CA-TA-RI-NA

― E você, querida, vamos tentar mais uma vez? ― pergunta a professora, tendo uma das mãos pousada sobre o ombro de Catarina ― Primeiro, a meia lua. Em seguida, uma bolinha com uma perninha ao lado. Daí, um laço grande preso lá em cima com um prendedor. Mais uma bolinha e depois puxe a perna para o lado. O que vem agora é a mesinha, não é? Muito bem. Ao lado dela, ponha o abajur com a lâmpada na ponta. Lembra? Correto! E a próxima letra? É o camelo ou o dromedário? Você ainda sabe qual deles tem uma e qual tem duas corcovas? Isso! Quem vem agora é o dromedário. O que falta para terminarmos? Vou te dar uma dica: Você já escreveu essa letra duas vezes. Isso! Outra bolinha com uma perninha saindo para a direita. Pronto.  Eu mal ajudei e você fez tudo direitinho. Poderia ler para mim?

 ca-ta-ri-na.

Apesar de seus 72 anos, dona Catarina aparenta ter bem mais idade. Os sulcos em seu rosto traduzem a história da mulher que começou a trabalhar muito cedo e pouco conheceu os prazeres da vida. De jeito tímido e olhos castanhos que pedem desculpas por tudo, evita distrair-se com as conversas e brincadeiras dos outros alunos.

A catarata que cresce silenciosa em suas vistas não a impede de manter-se vigilante. Como se hipnotizada, acompanha o movimento do pincel bailando sobre a lousa feito uma varinha de condão. As palavras, depois de escritas, ganham sons ao serem reproduzidas pela boca da professora que, de tão bonita, deve lá ter mesmo dotes mágicos.

Ainda emocionada, Catarina deixa seus olhos se derramarem sobre a folha quase ferida pelo constante movimento da borracha e observa seu próprio nome como se admirasse uma fotografia na qual pudesse, pela primeira vez em sua vida, se enxergar bonita. A palavra que a designa salta do papel como a mão de um padre molhada em água batismal. Sua existência adquire significação suficiente para restituir o direito negado por tantas décadas: o de ser alguém.

Apesar de sua conquista, rejeita a felicidade emergente e apenas se permite experimentar uma tímida comoção. Sabe que o substantivo próprio escrito por sua mão é somente a primeira de muitas recompensas por seus esforços estudantis, mas duvida que as próximas alegrias tenham sabor superior ou ao menos semelhante a este primeiro suspiro de autorrealização: Ca-ta-ri-na.

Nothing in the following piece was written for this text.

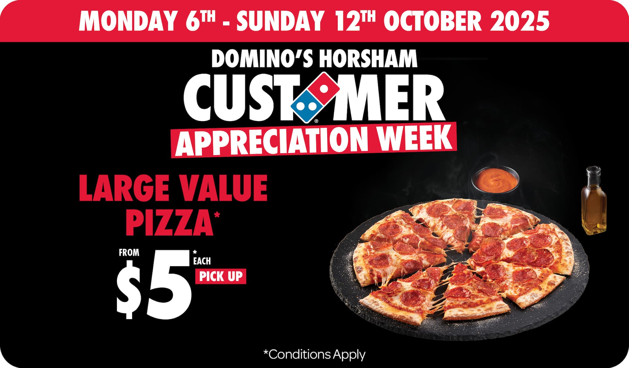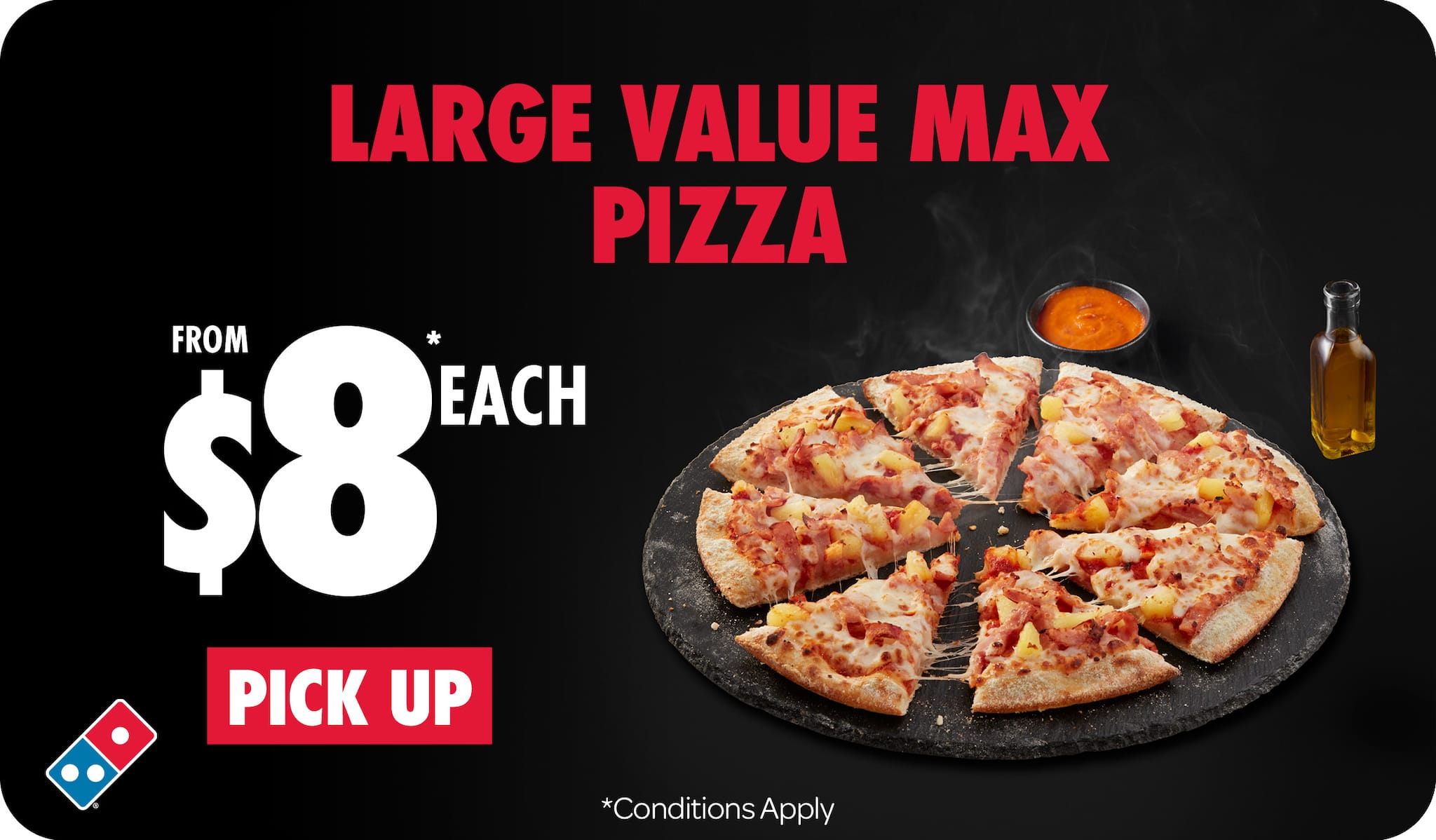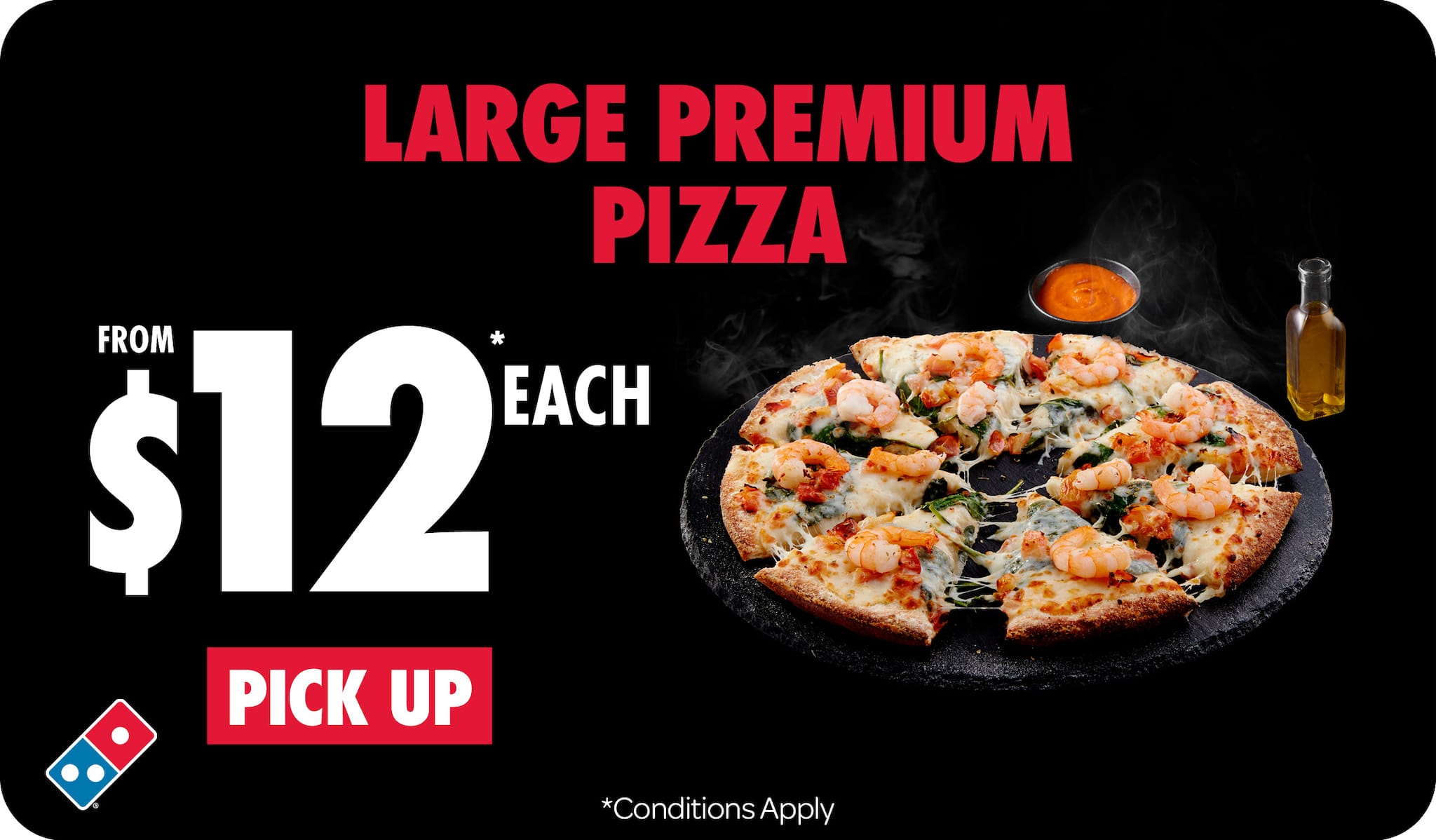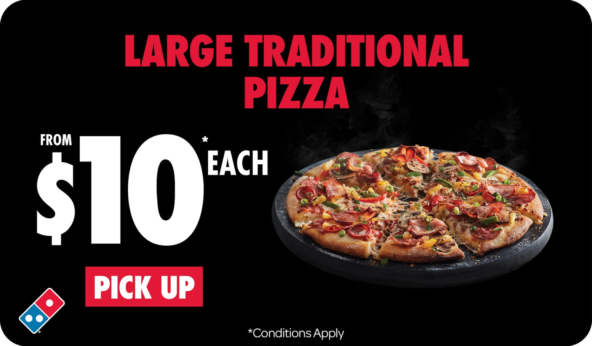 *The displayed prices are local prices at your selected store only. Customisation may incur additional charges. A $2 Half ’n’ Half surcharge applies to Large Pizzas; not available for Vegan Cheese, Gluten Free, or Lunch Box pizzas. Extra charges on Large Pizzas: $3 for Vegan Cheese, , $3.60 for Gluten Free Sourdough Crust, $3.50 for Cheesy Crust, $4 for Garlic Cheesy Crust; Premium Pizzas are $3 more than Traditional when using a Traditional Pizza voucher. Upgrade a Large to Family Size for $4 extra. Family available on Classic Crusts only. Family pizzas are 50% bigger in surface size post-bake, and have 50% more toppings, than Large Pizzas. Cheesy Crust, Garlic Cheesy Crust and Gluten Free Sourdough Crust available on Large Pizzas only. No indulgent crusts allowed on Vegan Cheese Pizzas. Substitute toppings may not be allowed on Promotional Pizzas. Mini Pizzas in Lunch Box are not customisable, vegan pizzas are not available.
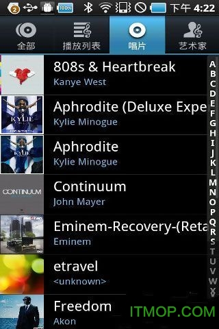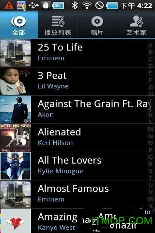 顶部的标签有艺术家,专辑,歌曲,播放列表和流派可供用户按各种习惯的方式选择曲目欣赏,界面类似,有一定的改进。新版增加了智能推荐功能,能根据用户听歌习惯自动生成个性化歌单。

Mesmo com suas dificuldades, não se acredita uma aluna ruim. Afinal, em uma única aula havia decorado todas as vogais e era, inclusive, capaz de distingui-las nos cartazes espalhados pelo asilo. Já as consoantes parecem destinadas a atravancar seu aprendizado. Promíscuas, misturam-se umas às outras e produzem novos sons, o que Catarina acha belíssimo, mas dificultoso.

Caso realmente queira ganhar da professora elogios menos comiserados, precisará treinar bastante sua escrita no caderno de pauta dupla. Nunca tivera problemas com números, sabia escrevê-los e operá-los como poucos idosos no Lar Santo André Avelino. Mas, decifrar palavras, ler as frases gravadas na cartilha, são desafios talvez ainda maiores que uma viuvez precoce ou o desafeto dos filhos.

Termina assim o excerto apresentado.